** AIM OF THE EXERCISE **
Reproduce all of the data below without alteration; exclude every picture.

** GIVEN ENTRIES **
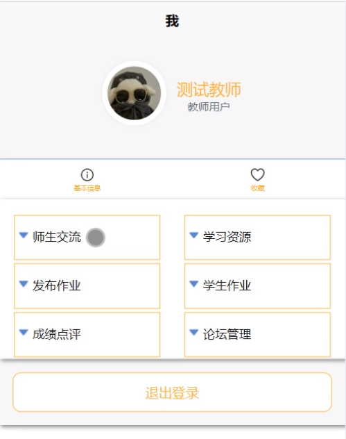 用户点击首页正下方“我的”进入页面可以查看基本信息、收藏、师生交流、学习资源、发布作业、学生作业、成绩点评和论坛管理并进行相关操作。例如,点击“基本信息”可以修改个人资料和登录密码;点击“师生交流”可以查看列表中某个学生用户提交的交流信息详情并进行回复;点击“学生作业”可以查看列表中某个学生作业的详情并进行打分点评。点击“收藏”可以查看和删除我的收藏列表信息。我的界面如图5-10所示。
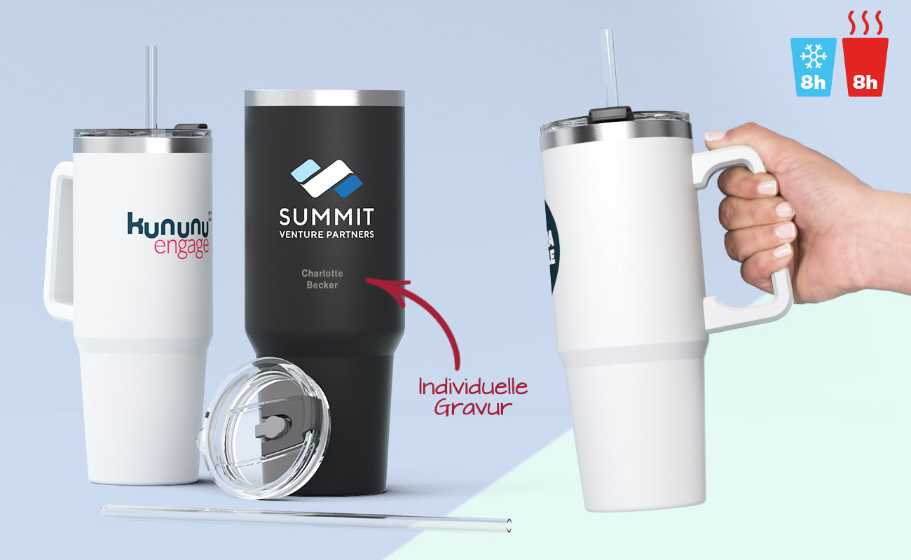 Die Gravur schafft eine permanente Form der Namenskennzeichnung. Das ist ideal für Sportvereine und Schulen, um Verwechslungen von Trinkflaschen oder Reisebechern beim Training oder Wettkampf zu vermeiden. Jeder einzelne Name wird zusammen mit Ihrem Logo und Slogan auf dem Drinkware-Produkt angebracht.
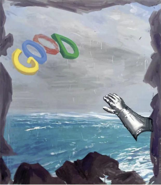 GOOD的后网络逻辑体现在这个单词的字体和呈现方式与Google的logo之间存在的共性。在2022年,公共空间中出现四元色的GOO字母的时候,大多数人的第一反应应该会是Google,也就是说因为Google的logo设计的成功以及Google这个词里面对于GOOD的暗指,让GOOD的所指里面也饱含了Google,而Google的所指里面也饱含了GOOD。吴凌昊对于这个四色GOOD的发明和使用构成了他对绘画的形式趣味与网络文化的形式趣味之间的互相渗透。
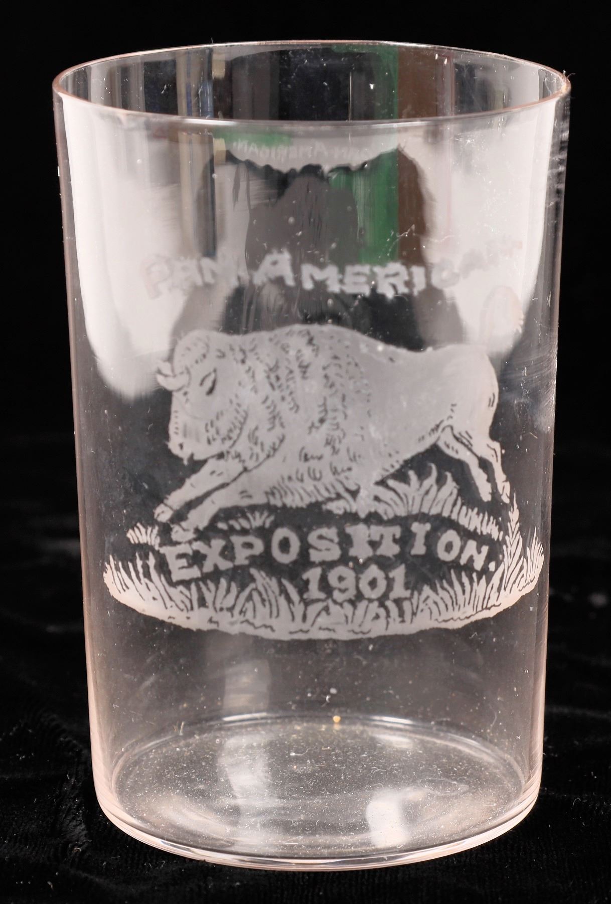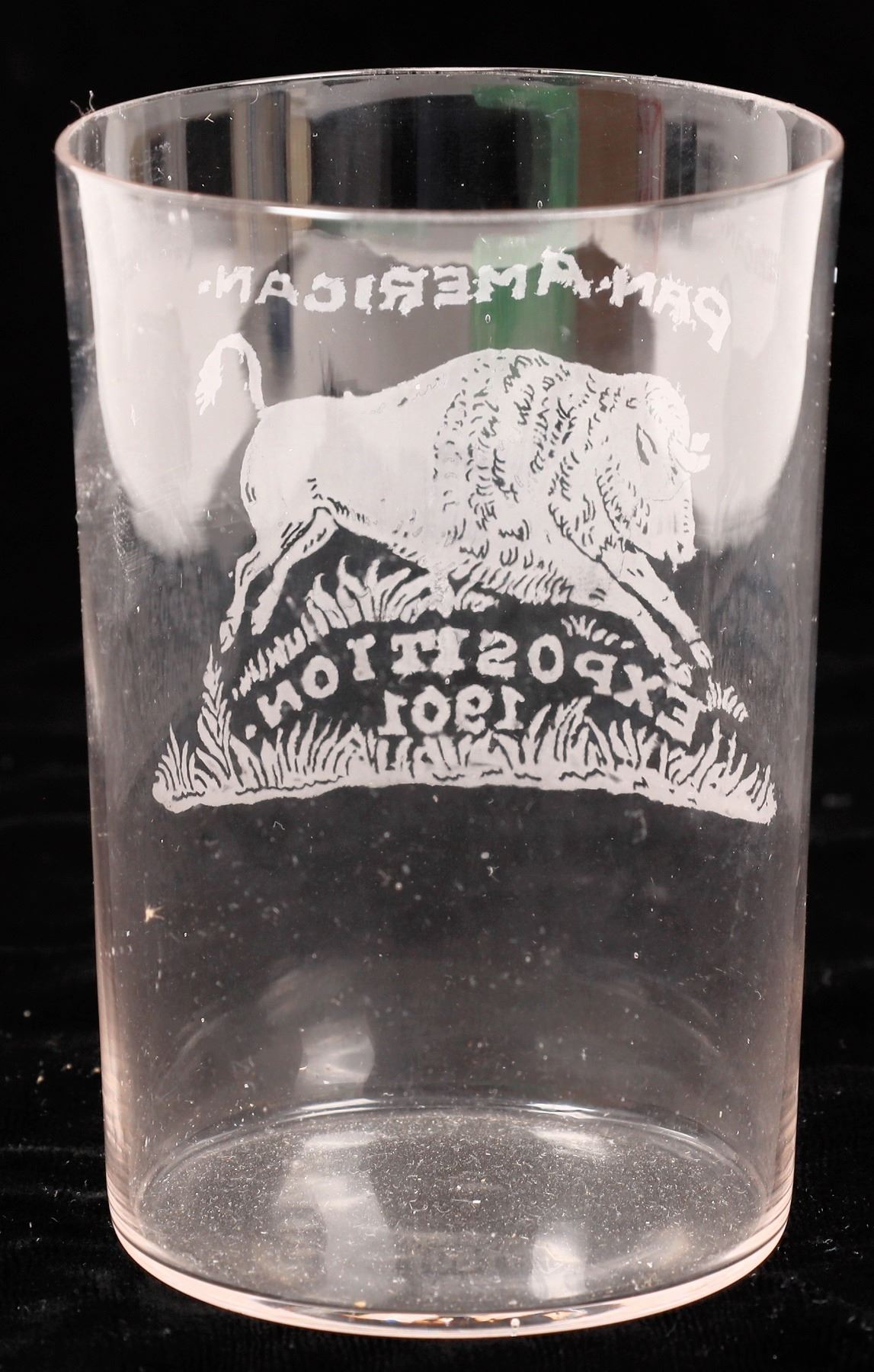 Thin wall glass Pan-American/Exposition/1901 souvenir beer glass. 3.6". No apparent chips or cracks.
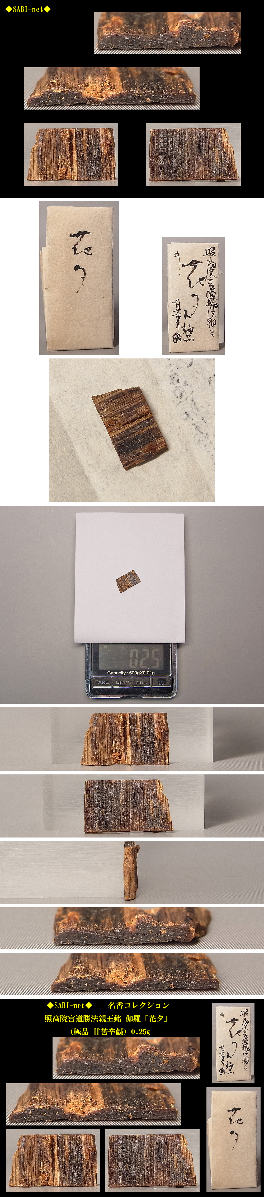 ◆SABI◆ 照高院宮道勝法親王銘 伽羅「花夕」(極品 甘苦辛鹹)0.25g 名香コレクション◆志野流 香道 香木 沈香 香道具 香炉 收藏
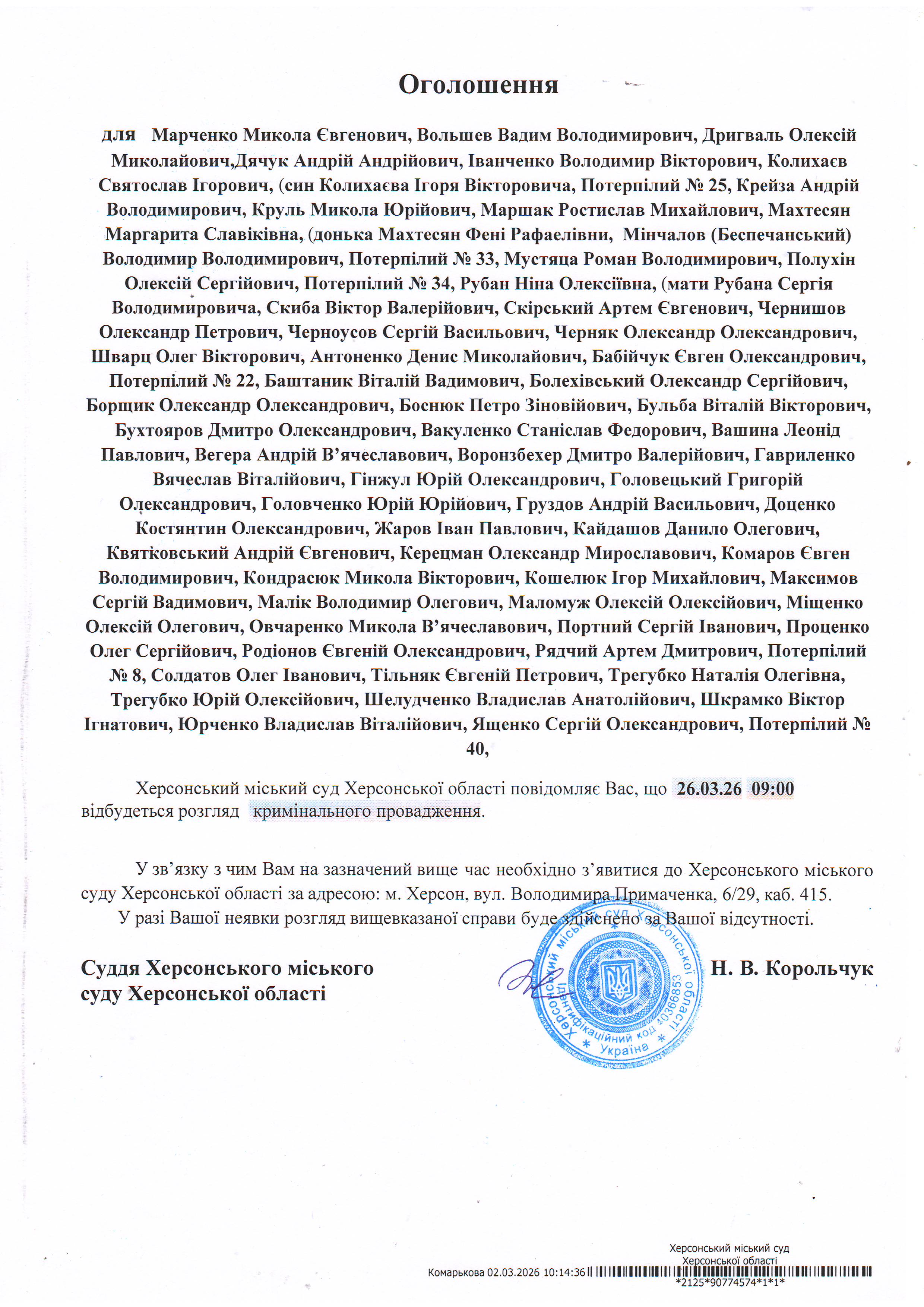 Оголошення для Марченка М.Є., Вольшева В.В., Дригваля О.М., Дячука А.А., Іванченка В.В., Колихаєва С.І. та інших
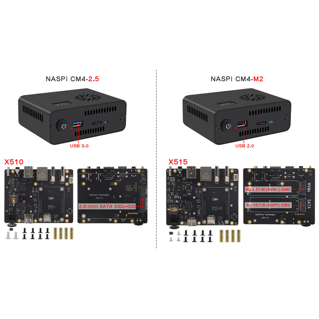 JENNAIRA Geekbord NASPi CM4-M2 NAS Storage Kit for Raspberry Pi Compute Module 4| Pi CM4 M2 SATA & NVMe SSD Storage Solution
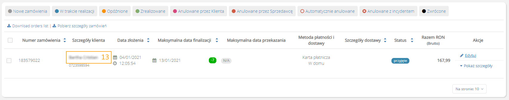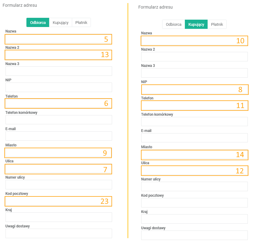 Edycja zamówienia > Formularz adresu > Odbiorca Nazwa 2 13 Lista zamówień Szczegóły klienta 13 Zależy od konta klienta. Nie widnieje bezpośrednio w edycjizamówienia.
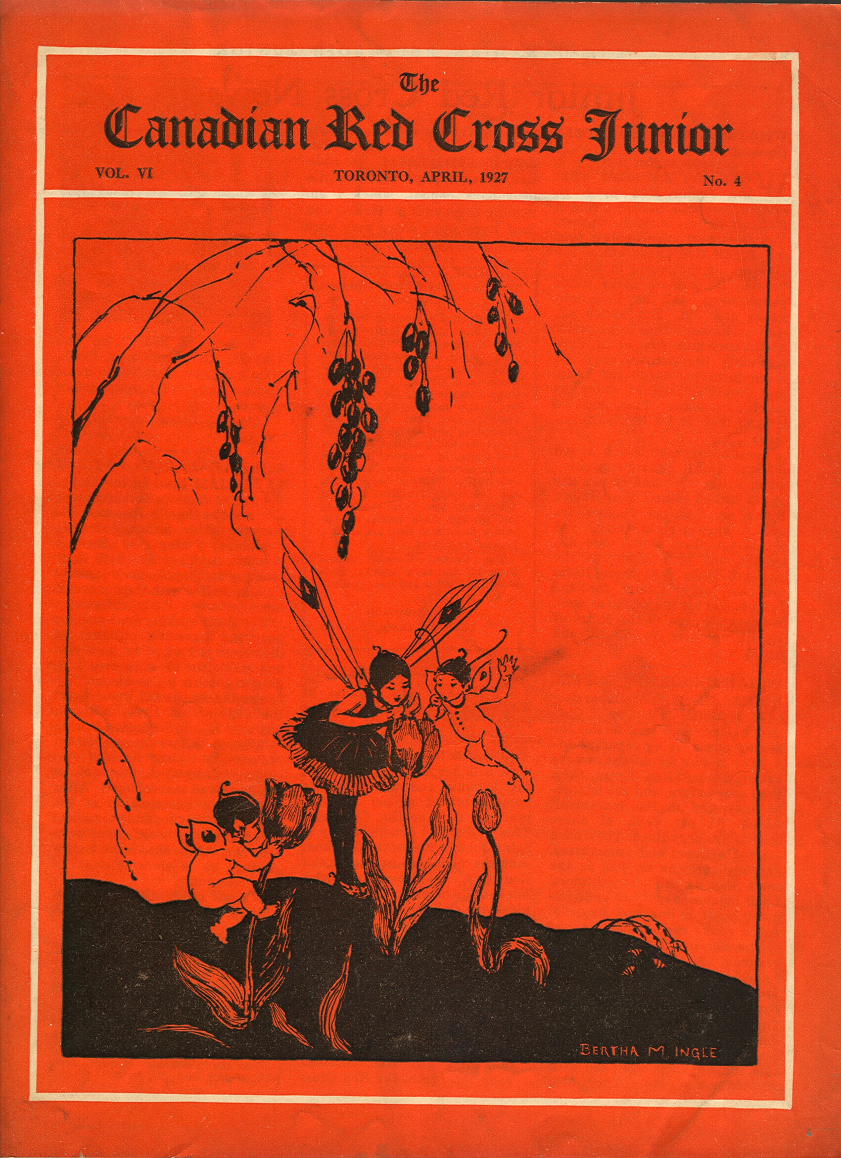 The illustration on this cover shows three fairies smelling tulips. They are depicted in black on an orange background.
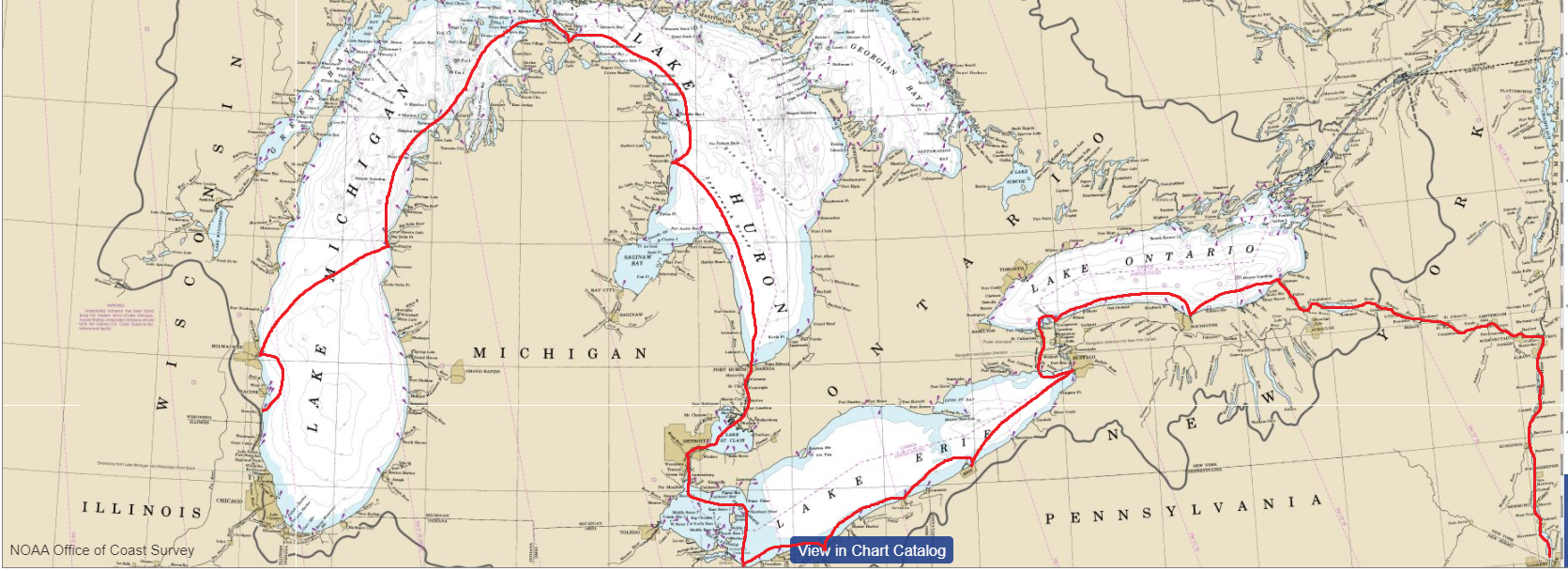After nearly three months of preparation, we were now ready to embark on a journey that would take us through Lake Michigan, the Straights of Mackinac, Lake Huron, the St. Claire River, Lake St. Claire, the Detroit River, Lake Erie, the Welland Canal, Lake Ontario, the Oswego Canal, the Erie Canal, the Hudson River to New York Harbor.
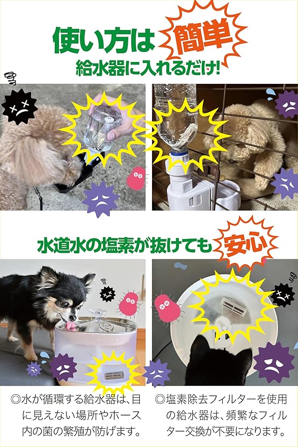 Cufiber 携帯浄水器 ペット用 Cu-water クウォーター 【動物健康管理士推奨】 500ミリリットル用 塩素除去 銅繊維 浄水ポット 浄水ボトル 給水器 給水ボトル 水飲み器
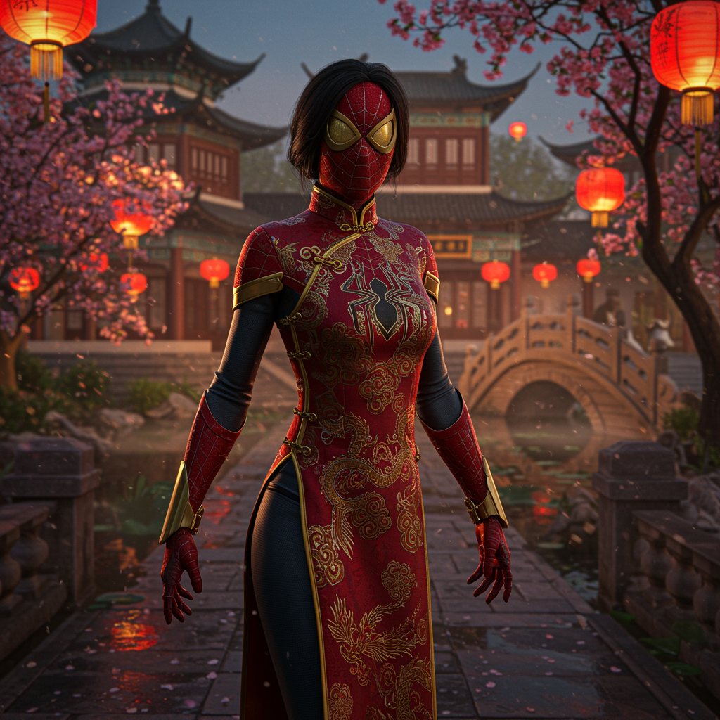 A hyper-realistic depiction of Spider-Woman features a full-body view in photorealistic 8K rendering, adorned with a sophisticated costume that combines the elegance of a traditional Chinese qipao with modern superhero flair. Her suit boasts a deep crimson base embellished with intricate gold embroidery showcasing dragons and phoenixes intertwined with subtle spider-web motifs. The design includes a high-collared neckline and side slits, reminiscent of a classic qipao silhouette, complemented by futuristic elements like armored sleeves and sleek gloves. Her mask, a matching deep red, glows with mysterious golden eyes. A silk cape, decorated with delicate gold lotus flower motifs, flows behind her, adding a touch of grace and dynamic movement. Set in a traditional Chinese courtyard at dusk, the scene is bathed in the warm glow of ancient red lanterns amidst pagoda-style structures. The ambiance is enhanced by blooming cherry blossom trees and a serene stone bridge arching over a tranquil pond. The ground, glistening from a recent rain, reflects the soft lantern light, while a delicate mist weaves through the air. Her pose captures a blend of dynamism and elegance, embodying strength and poise. The scene is rendered with hyper-detailed textures, lifelike proportions, and cinematic lighting that celebrate the elegance and mystique of Chinese culture, captured in natural light with a Sony A7III at UHD resolution.

** WRITTEN RESPONSE **
 用户点击首页正下方“我的”进入页面可以查看基本信息、收藏、师生交流、学习资源、发布作业、学生作业、成绩点评和论坛管理并进行相关操作。例如,点击“基本信息”可以修改个人资料和登录密码;点击“师生交流”可以查看列表中某个学生用户提交的交流信息详情并进行回复;点击“学生作业”可以查看列表中某个学生作业的详情并进行打分点评。点击“收藏”可以查看和删除我的收藏列表信息。我的界面如图5-10所示。
 Die Gravur schafft eine permanente Form der Namenskennzeichnung. Das ist ideal für Sportvereine und Schulen, um Verwechslungen von Trinkflaschen oder Reisebechern beim Training oder Wettkampf zu vermeiden. Jeder einzelne Name wird zusammen mit Ihrem Logo und Slogan auf dem Drinkware-Produkt angebracht.
 GOOD的后网络逻辑体现在这个单词的字体和呈现方式与Google的logo之间存在的共性。在2022年,公共空间中出现四元色的GOO字母的时候,大多数人的第一反应应该会是Google,也就是说因为Google的logo设计的成功以及Google这个词里面对于GOOD的暗指,让GOOD的所指里面也饱含了Google,而Google的所指里面也饱含了GOOD。吴凌昊对于这个四色GOOD的发明和使用构成了他对绘画的形式趣味与网络文化的形式趣味之间的互相渗透。
 Thin wall glass Pan-American/Exposition/1901 souvenir beer glass. 3.6". No apparent chips or cracks.
 ◆SABI◆ 照高院宮道勝法親王銘 伽羅「花夕」(極品 甘苦辛鹹)0.25g 名香コレクション◆志野流 香道 香木 沈香 香道具 香炉 收藏
 Оголошення для Марченка М.Є., Вольшева В.В., Дригваля О.М., Дячука А.А., Іванченка В.В., Колихаєва С.І. та інших
 JENNAIRA Geekbord NASPi CM4-M2 NAS Storage Kit for Raspberry Pi Compute Module 4| Pi CM4 M2 SATA & NVMe SSD Storage Solution
 Edycja zamówienia > Formularz adresu > Odbiorca Nazwa 2 13 Lista zamówień Szczegóły klienta 13 Zależy od konta klienta. Nie widnieje bezpośrednio w edycjizamówienia.
 The illustration on this cover shows three fairies smelling tulips. They are depicted in black on an orange background.
After nearly three months of preparation, we were now ready to embark on a journey that would take us through Lake Michigan, the Straights of Mackinac, Lake Huron, the St. Claire River, Lake St. Claire, the Detroit River, Lake Erie, the Welland Canal, Lake Ontario, the Oswego Canal, the Erie Canal, the Hudson River to New York Harbor.
 Cufiber 携帯浄水器 ペット用 Cu-water クウォーター 【動物健康管理士推奨】 500ミリリットル用 塩素除去 銅繊維 浄水ポット 浄水ボトル 給水器 給水ボトル 水飲み器
 A hyper-realistic depiction of Spider-Woman features a full-body view in photorealistic 8K rendering, adorned with a sophisticated costume that combines the elegance of a traditional Chinese qipao with modern superhero flair. Her suit boasts a deep crimson base embellished with intricate gold embroidery showcasing dragons and phoenixes intertwined with subtle spider-web motifs. The design includes a high-collared neckline and side slits, reminiscent of a classic qipao silhouette, complemented by futuristic elements like armored sleeves and sleek gloves. Her mask, a matching deep red, glows with mysterious golden eyes. A silk cape, decorated with delicate gold lotus flower motifs, flows behind her, adding a touch of grace and dynamic movement. Set in a traditional Chinese courtyard at dusk, the scene is bathed in the warm glow of ancient red lanterns amidst pagoda-style structures. The ambiance is enhanced by blooming cherry blossom trees and a serene stone bridge arching over a tranquil pond. The ground, glistening from a recent rain, reflects the soft lantern light, while a delicate mist weaves through the air. Her pose captures a blend of dynamism and elegance, embodying strength and poise. The scene is rendered with hyper-detailed textures, lifelike proportions, and cinematic lighting that celebrate the elegance and mystique of Chinese culture, captured in natural light with a Sony A7III at UHD resolution.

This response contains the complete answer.